Crystallographic Information File (CIF) https://doi.org/10.1107/S1600536807054001/ng2356sup1.cif
Contains datablocks global, I

hkl

Structure factor file (CIF format) https://doi.org/10.1107/S1600536807054001/ng2356Isup2.hkl
Contains datablock I

CCDC reference: 672840

checkCIF report

Key indicators

  • Single-crystal X-ray study
  • T = 296 K
  • R factor = 0.066
  • wR factor = 0.151
  • Data-to-parameter ratio = 10.8

checkCIF/PLATON results

No syntax errors found


No errors found in this datablock
Comment top

Heterocyclic compounds containing a 1,4-dioxepin-5-one ring (7-membered lactone) are expected to exhibit antibacterial activity (Ito et al., 1997; Rao, 1996). In addition, the compounds are of interest in terms of their polymerization abilities (Mathisen et al., 1989). The title compound, (I), is the first example of a thiophene derivative with two fused 1,4-dioxepin-5-one rings and its molecular and crystal structures are described here.

The compound (I) crystallizes in the Pnma space group with one molecule in the asymmetric unit (Fig. 1). The bond lengths and angles are within the normal ranges (Table 1). The molecule lies on the mirror plane except the O2, C6, C9 and C10 atoms and the H atoms bonded to the C atoms, which are crystallographically disordered about the plane over each site with 0.5 of occupancy.

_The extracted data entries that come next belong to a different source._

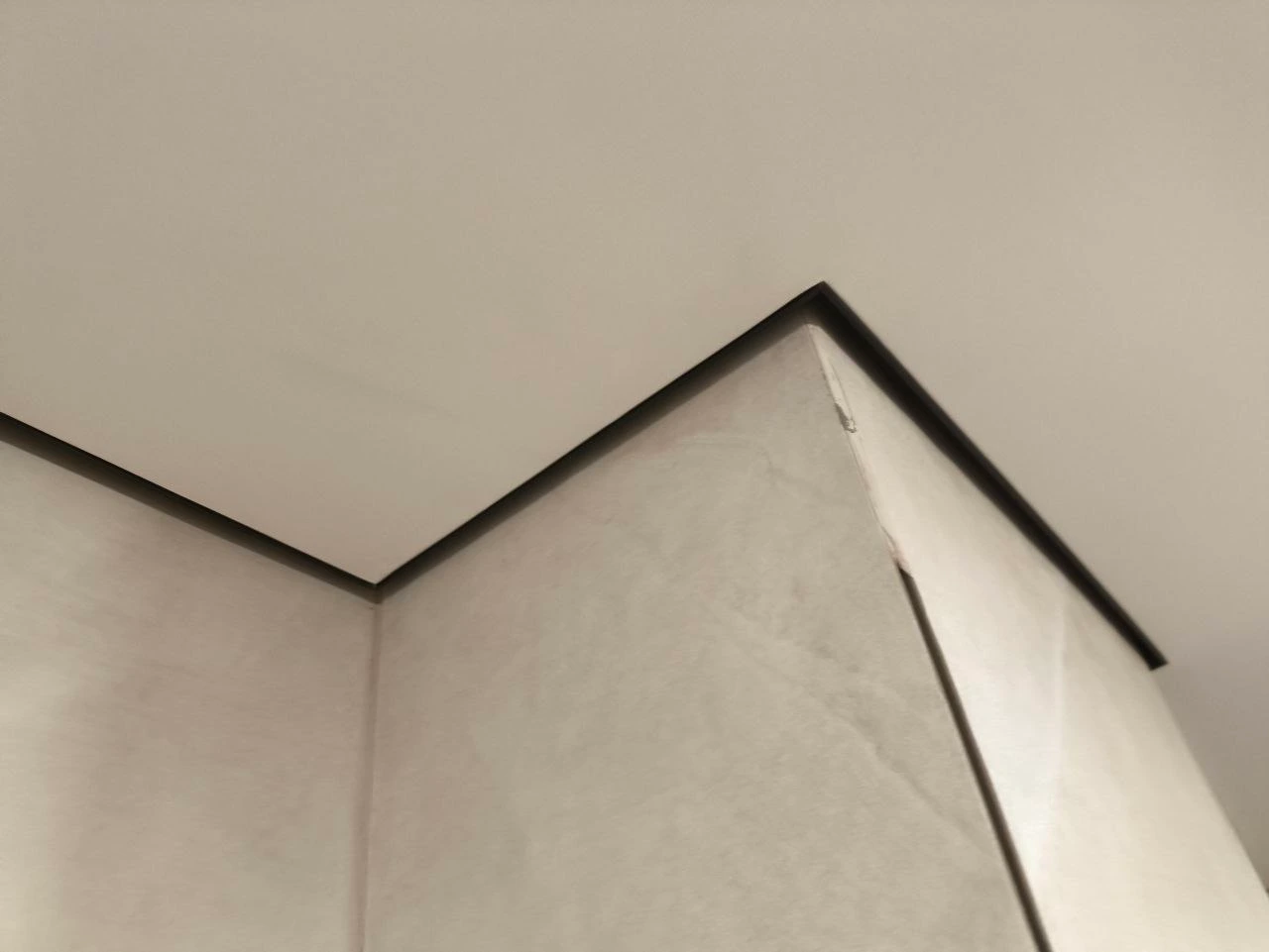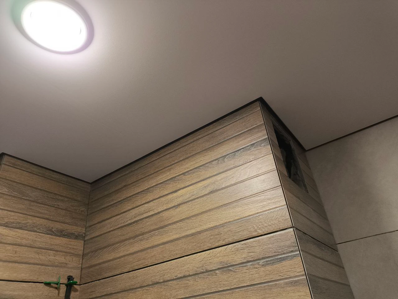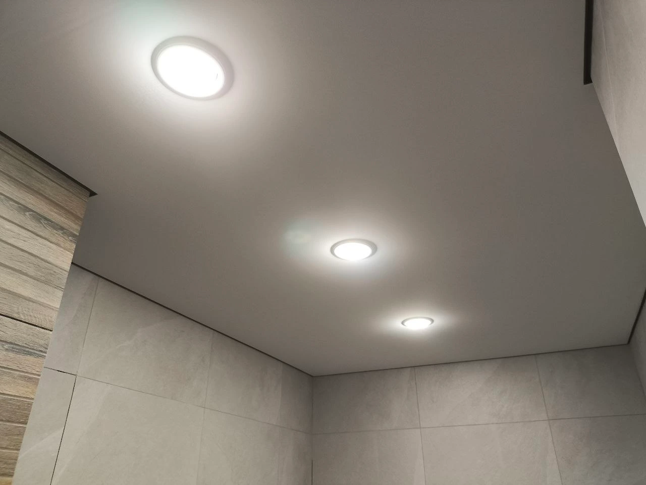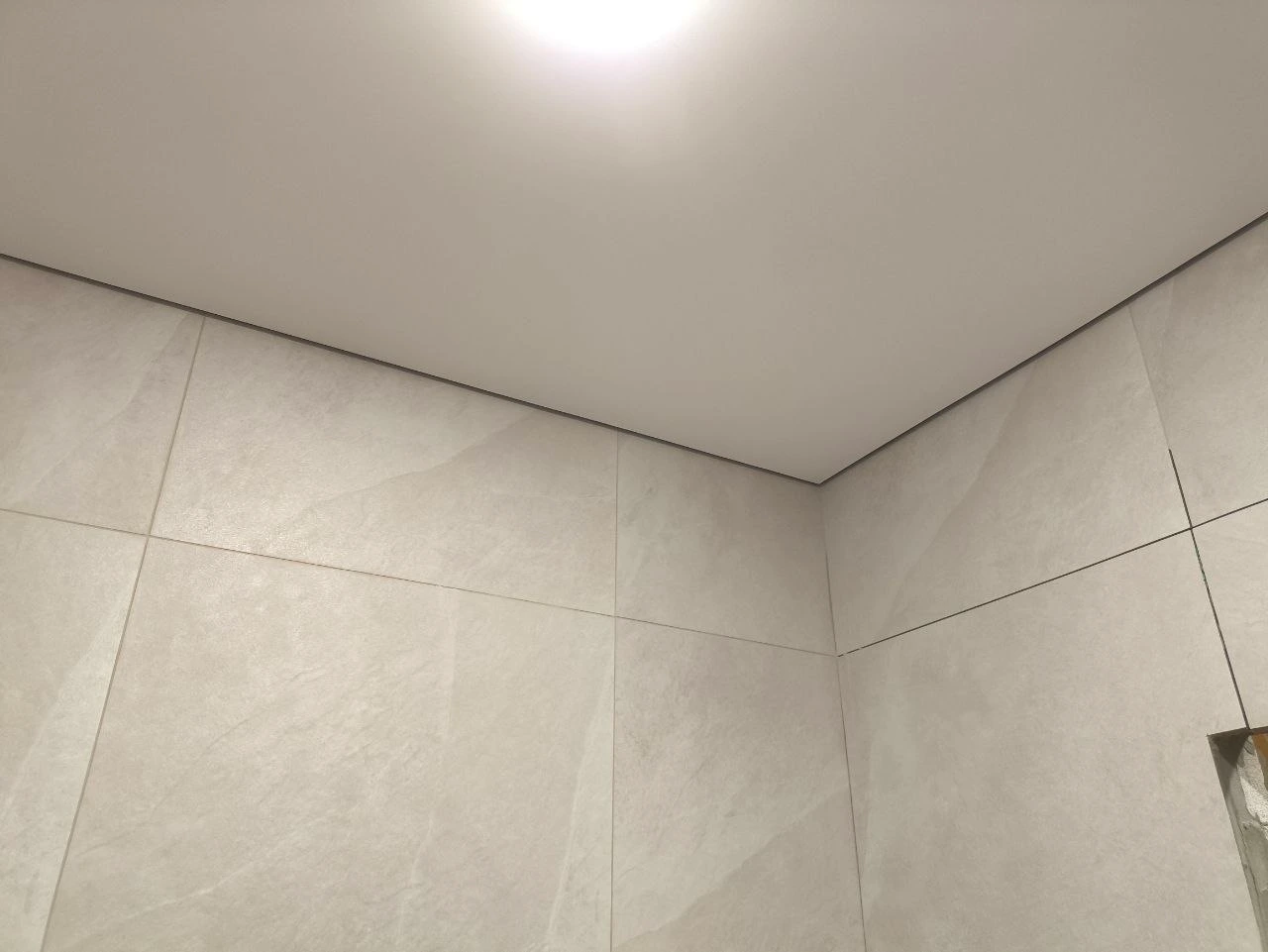 Не тривиальная задача - закатать санузел тканевым полотном. Для натяжки выбрано полотно Descor белого цвета. По стенам теневой профиль euroslott, который подчеркивает сложную геометрию стен санузла. По свету выбраны точечные светильники.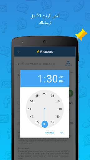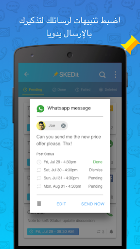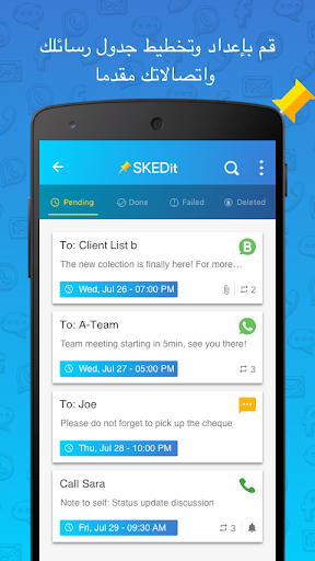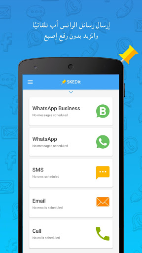 SKEDit تطبيق للجدولة مجاني وسهل الاستخدام يتيح لك جدولة الرسائل النصية وإرسال رسائل البريد الإلكتروني التلقائية وجدولة مشاركات فيسبوك ورسائل واتساب وإرسال المكالمات - كل ذلك خلال عدم استعمالك للهاتف!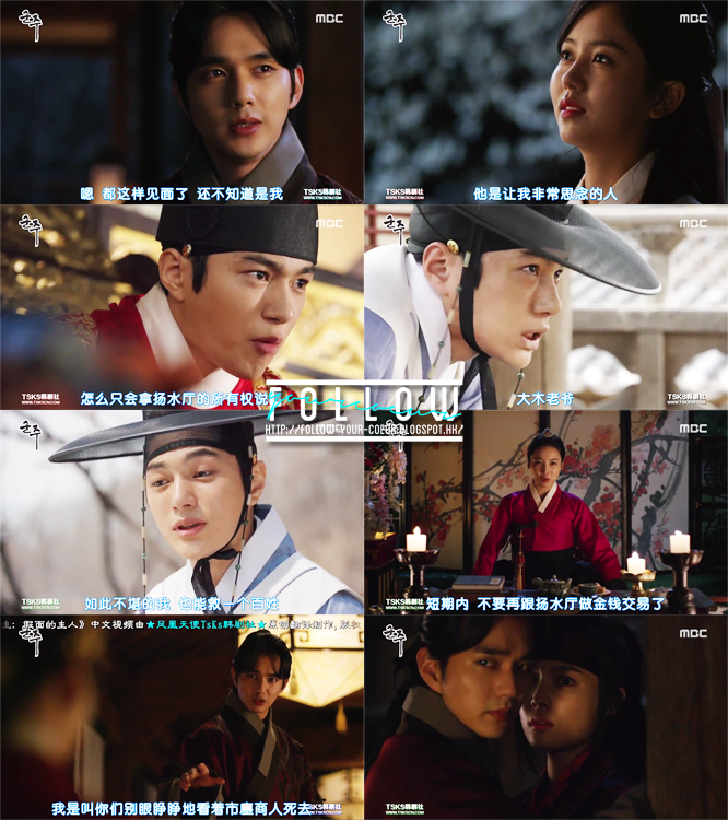 得知佳恩跟母親和妹妹要離開的消息,異線忍不住去了看她們。可是被大木發現了…更甚的是他看到世子在遠處,為了要保住世子,他轉移了大木的視線…世子看到異線一直替他受苦也感到很抱歉和心痛…所以決定稍後要進宮跟他見面。(金明洙你好棒喔!演技真的進步了很多!抱著妹妹哭的時候+發現大木的時候真的演得很好!)

In the crystal structure, the molecules stack along the b axis, where no molecular overlap was observed (Fig. 2). The distance between the molecular planes is 3.45 Å. As shown in Table 2 and Fig. 2, the stacks are linked by intermolecular C—H···O hydrogen bonds (Taylor & Kennard, 1982; Biradha et al., 1993; Batchelor et al., 2000).

Related literature top

For the synthesis of the starting reagent, see: Halfpenny et al. (2000). For the antibacterial activity of 1,4-dioxepin-5-one compounds, see: Ito et al. (1997); Rao (1996). For their polymerization abilities, see: Mathisen et al. (1989). For related literature on molecular structures including a 1,4-dioxepin-5-one ring, see: Blaser & Stoeckli-Evans (1991); Brassy et al. (1977); Connolly et al. (1984); Lamothe & Fuchs (1993); Kawahara et al. (1988); Mulzer et al. (1996); Xu et al. (2000). For literature on C–H···O hydrogen bonds, see: Batchelor et al. (2000); Biradha et al. (1993); Taylor & Kennard (1982).

Experimental top

The title compound (I) was synthesized by the intramolecular cyclization of diethyl 3,4-bis(2-hydroxyethoxy)-2,5-thiophenedicarboxylate (II). Compound (II) was prepared as follows: A mixture of diethyl 3,4-dihydroxythiophene-2,5-dicarboxylate (Halfpenny et al., 2000) (6.55 g, 25.2 mmol) and caesium fluoride (11.5 g, 75.7 mmol) in dry acetonitrile (150 ml) was stirred for 1 h under nitrogen. A solution of ethylene glycol monotosylate (12.0 g, 55.5 mmol) in acetonitrile (50 ml) was added dropwise and the mixture was refluxed for 62 h. After cooling, the reaction mixture was filtered and the filtrate was concentrated. The residue was dissolved in dichloromethane and the solution was washed with water. The organic solution was dried over Na2SO4 and concentrated. The resulting solid was chromatographed on alumina gel (from AcOEt to AcOEt/EtOH = 1:1) and silica gel (CH2Cl2/AcOEt = from 7:3 to 1:1) to give compound (II) (3.96 g, 45%) as colorless needles. Physical data for (II): m.p. 356–357 K; IR (KBr, cm-1): 3306, 1715, 1493, 1370, 1296, 1256, 1076, 1047; 1H NMR (CDCl3, δ p.p.m.): 1.38 (t, J = 7.1 Hz, 6H), 3.83 (br s, 6H), 4.33–4.41 (m, 8H); 13C NMR (CDCl3, δ p.p.m.): 14.2, 61.0, 61.9, 76.4, 120.2, 153.1, 160.9; MS (EI): m/z 348 (M+), 302, 286, 256, 212, 168. Anal. Calcd. For C14H20O8S: C, 48.27; H, 5.79. Found: C, 48.28; H, 5.68.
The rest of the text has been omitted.